日本の規制は世界的に見ると緩い
では、受精卵の遺伝子を改変することに対して、各国で規制はどうなっているのか。
フランスやドイツでは法的に禁止しているが、アメリカでは連邦予算を使うことを禁止しているだけであって、民間団体からの研究費で実施することまでは規制していない。イギリスは基礎研究に限定し、当局に事前申請して承認された場合のみ実施できる。中国は、研究指針で禁止しているが、法的拘束力はなく、罰則はない。
日本は中国と同じで、指針レベルの規制にとどまっている。厚生労働省の「遺伝子治療等臨床研究に関する指針」第一章第七に「人の生殖細胞又は胚の遺伝的改変をもたらすおそれのある遺伝子治療等臨床研究は、行ってはならない」とある。
しかし、この指針における「遺伝子治療等」は、「遺伝子又は遺伝子を導入した細胞を人の体内に投与すること」と定義されており(イラストの一番右)、今回のゲノム編集のように「遺伝子を導入せず、一部を変えるだけ」という事態(イラストの真ん中)は想定されていない。
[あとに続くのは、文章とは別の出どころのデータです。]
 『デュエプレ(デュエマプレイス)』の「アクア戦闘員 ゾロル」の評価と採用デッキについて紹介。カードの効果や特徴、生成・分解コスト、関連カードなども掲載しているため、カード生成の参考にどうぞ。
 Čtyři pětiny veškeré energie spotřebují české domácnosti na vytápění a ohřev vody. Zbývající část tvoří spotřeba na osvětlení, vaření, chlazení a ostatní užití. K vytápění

つまり、現行の指針を厳密に解釈するなら、今回の実験は、日本では違反にすらならないことになってしまう。
この「抜け穴」は以前から指摘されており、文部科学省の生命倫理・安全部会は現在、新たな指針を作っている。ゲノム編集で子どもを誕生させることは禁止する一方で、基礎研究では認める方向で調整が進んでいる。ただし、これも法的拘束力はない。